Когда Уильям сообщил Джулиет, что Фрэнсис вдруг собралась уехать в Рождество, она ощутила определенный прилив чувств: ведь всегда интересно наблюдать за тем, как кто-то выдвигается на первые роли, особенно если этот кто-то вел до этого вялую и неяркую жизнь.
– Боже, помоги Фрэнсис, – сказала Джулиет Уильяму по телефону, вслушиваясь в звон стаканов и отголоски разговоров у стойки. – Все происходит вовремя, я ждала этого, и мне нравится наблюдать за тем, как люди берут штурвал своей жизни в собственные руки.
– Думаю, я не отношусь к их числу, – мрачно заметил Уильям.
Джулиет почти резко возразила:
– Относишься, и в большей степени, чем думаешь. Иногда ты превращаешься в бесстыдного старого позера.
Никто не знал точно, почему уехала Фрэнсис, но никто, похоже, не верил ее объяснениям. Лиззи была сильно задета. Она пришла к Джулиет поздно вечером в воскресенье и села у камина.
– Не могу сказать, что меня расстраивает ее желание самой принимать решения в своей жизни, отнюдь нет. Но это ее молчание до поры до времени, а затем обрушивание новостей мне на голову, когда все уже готово… Как будто я пыталась бы ее остановить, как будто… как будто она мне не доверяет.

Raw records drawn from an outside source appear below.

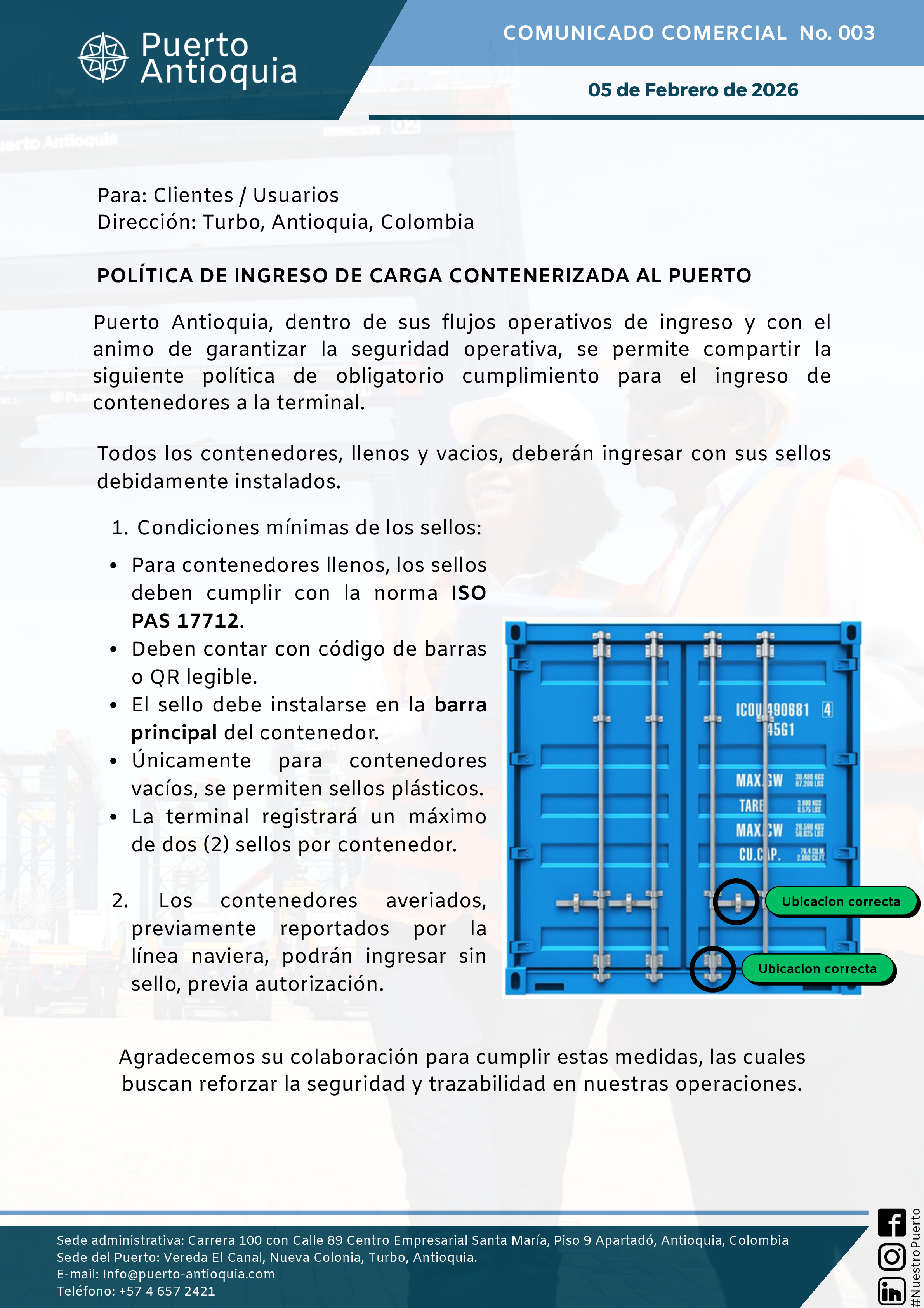 Politica de ingreso de carga contenerizada al puerto
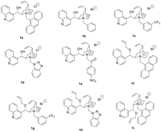 - Boratynski, P.J.; Kowalczyk, R.; Kobylanska, A.; Bakowicz, J. Tricyclic quaternary ammonium salts derived from cinchona alkaloids. J. Org. Chem. 2016, 81, 12489–12493. [Google Scholar] [CrossRef] [PubMed]
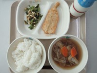 今日の給食は、ごはん・牛乳・あじフライ・キャベツの梅おかか和え・手まりふのお吸いものです。
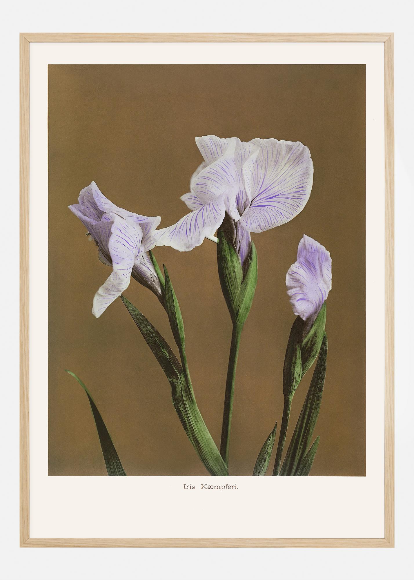 Ne le da je ljubljena zaradi svoje cvetne lepote, Iris Kaempferi je tudi simbol dobrote in sporočilnosti, zaradi česar je ta plakat smiselno darilo ali sofisticiran dodatek za vaš lasten dom. Z naravno zelenim listjem, ki se dviga proti cvetnim glavicam, ta plakat zajema bistvo cvetočega poletnega vrta. Harmonične barve vključujejo odtenke vijolične, bele in zelene barve, kar ustvarja mirno in sproščeno ozračje v vsakem prostoru, kjer je predstavljen.
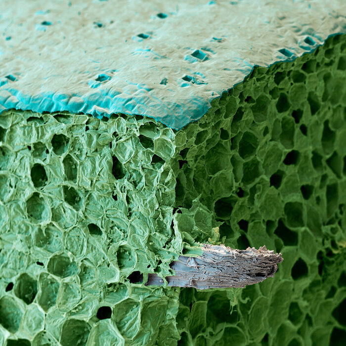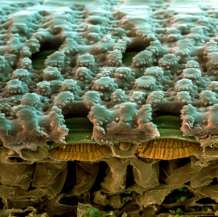 5. Срез стебля хвоща (Equisetum giganteum). Газы входят и выходят из стебля через устьица (поры) в его внешнем слое или эпидермисе (серый цвет). Устьица окружены замыкающими клетками (зелено-коричневого цвета). Фотосинтез происходит в хлоропластах (крошечные зеленые сферы, такие как внизу в центре) клеток паренхимы стебля (коричневые). Хвощи (отдел Sphenophyta) — сосудистые растения с полым членистым стеблем и чешуйчатыми листьями. E. giganteum, произрастающий в американских тропиках, может достигать более 9 метров в длину. Увеличение: х400 при размере 6х6 см.
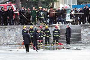 事發(fā)現(xiàn)場,吞噬了年輕男子的冰窟緊靠敬業(yè)湖南岸。公安、消防人員將敬業(yè)湖緊鄰北洋道一側(cè)的湖岸封鎖,7個民警沿著親水平臺走上冰面,用竹竿在冰下摸索著。時間一分一秒地過去,救援人員找來一塊長方形木板,當(dāng)作筏子艱難地破冰搜救。一個半小時過去了,救人的“筏子”漸漸向湖心移動,搜索的竹竿在一米一米地加長,但水下沒有一點動靜。
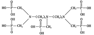 別名:二己烯三胺五亞甲基膦酸 分子式:C17H44O15N3P5 相對分子質(zhì)量:685 結構式: 一、性能與用途 BHMTPMPA是高效的螯合型阻垢劑,對碳酸鹽垢和硫酸鹽垢具有良好的阻垢效果。BHMTPMPA在較寬的pH范圍和120°C高溫下有極佳的水溶性和熱穩(wěn)定性,對鈣離子容忍度高。BHMTPMPA用作油田水處理的緩蝕阻垢劑,工業(yè)循環(huán)冷卻水和鍋爐水的阻垢緩蝕劑。 二、技術指標
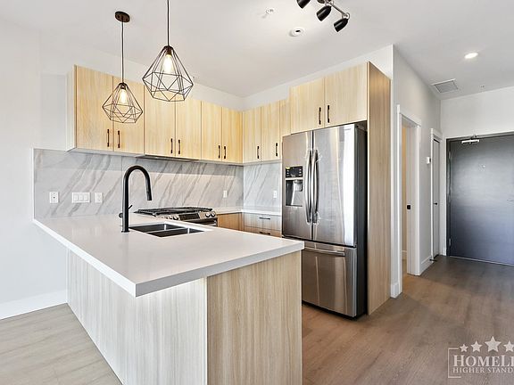 Modern open kitchen conceptAir conditioned unitsLaminate flooringQuartz countertopSecure underground parkingTank less water system

„Да, люди всегда беспокоятся о доверии, – подумала Джулиет. – Они говорят о нем так, словно это какой-то священный сосуд".

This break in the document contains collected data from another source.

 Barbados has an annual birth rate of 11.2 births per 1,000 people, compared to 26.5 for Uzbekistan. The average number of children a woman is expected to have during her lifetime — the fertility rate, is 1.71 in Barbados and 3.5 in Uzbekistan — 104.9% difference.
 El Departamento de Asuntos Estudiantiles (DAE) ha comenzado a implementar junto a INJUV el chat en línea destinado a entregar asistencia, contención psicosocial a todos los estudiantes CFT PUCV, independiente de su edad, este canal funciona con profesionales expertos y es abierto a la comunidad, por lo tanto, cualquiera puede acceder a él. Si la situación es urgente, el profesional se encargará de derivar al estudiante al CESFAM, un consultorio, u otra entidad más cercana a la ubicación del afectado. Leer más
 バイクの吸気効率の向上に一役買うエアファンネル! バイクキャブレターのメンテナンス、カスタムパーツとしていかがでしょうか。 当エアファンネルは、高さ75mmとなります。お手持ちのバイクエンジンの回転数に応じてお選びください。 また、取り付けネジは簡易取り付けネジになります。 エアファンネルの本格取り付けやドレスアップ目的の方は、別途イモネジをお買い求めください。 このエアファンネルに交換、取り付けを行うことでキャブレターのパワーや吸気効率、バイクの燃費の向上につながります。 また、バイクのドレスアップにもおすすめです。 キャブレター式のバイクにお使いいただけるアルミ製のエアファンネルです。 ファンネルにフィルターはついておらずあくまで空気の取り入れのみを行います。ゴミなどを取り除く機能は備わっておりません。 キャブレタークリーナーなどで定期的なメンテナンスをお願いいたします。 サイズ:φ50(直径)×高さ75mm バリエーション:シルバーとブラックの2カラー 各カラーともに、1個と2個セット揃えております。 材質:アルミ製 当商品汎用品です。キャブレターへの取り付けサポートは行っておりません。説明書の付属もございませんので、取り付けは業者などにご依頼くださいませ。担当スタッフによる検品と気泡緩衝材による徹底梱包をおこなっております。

– Никому нельзя доверять абсолютно, – заявила она. – Ни тебе, ни мне, ни Фрэнсис. Человек по самой природе своей не заслуживает доверия. Мы просто не созданы для этого.
Лиззи ушла домой взволнованная и расстроенная, оставив Джулиет мучиться от бессонницы. С возрастом она почувствовала, что свой сон нужно оберегать, и старалась не нервничать по вечерам. Переживая этой ночью из-за Лиззи, из-за ее горестей и ощущения отверженности, Джулиет невольно запустила тот механизм памяти, который, как она думала, уже больше не мог быть запущен. В ней всколыхнулись и прошлая боль, и неудачи, и нежеланное одиночество, которые она так долго и с таким трудом забывала, достигнув наконец нынешнего относительного спокойствия.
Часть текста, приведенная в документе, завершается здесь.